Description of the task:
Pictures aside, the data must be reproduced exactly.

Data below:
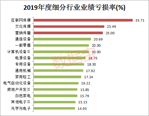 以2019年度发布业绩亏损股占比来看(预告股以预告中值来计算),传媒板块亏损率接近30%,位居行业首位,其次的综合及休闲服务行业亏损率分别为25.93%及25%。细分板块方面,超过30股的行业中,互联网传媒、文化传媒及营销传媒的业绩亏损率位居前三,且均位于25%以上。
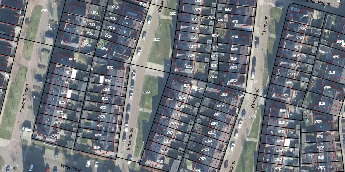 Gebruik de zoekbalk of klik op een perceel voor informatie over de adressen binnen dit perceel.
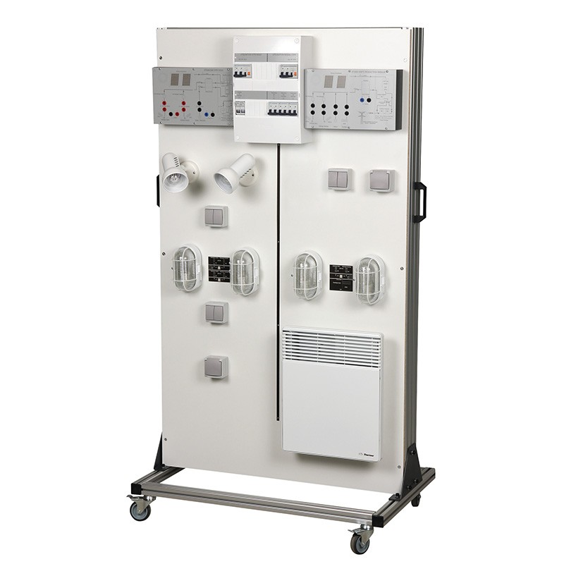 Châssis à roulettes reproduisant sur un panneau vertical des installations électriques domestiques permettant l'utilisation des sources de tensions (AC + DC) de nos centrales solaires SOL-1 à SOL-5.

Answer to this problem:
 以2019年度发布业绩亏损股占比来看(预告股以预告中值来计算),传媒板块亏损率接近30%,位居行业首位,其次的综合及休闲服务行业亏损率分别为25.93%及25%。细分板块方面,超过30股的行业中,互联网传媒、文化传媒及营销传媒的业绩亏损率位居前三,且均位于25%以上。
 Gebruik de zoekbalk of klik op een perceel voor informatie over de adressen binnen dit perceel.
 Châssis à roulettes reproduisant sur un panneau vertical des installations électriques domestiques permettant l'utilisation des sources de tensions (AC + DC) de nos centrales solaires SOL-1 à SOL-5.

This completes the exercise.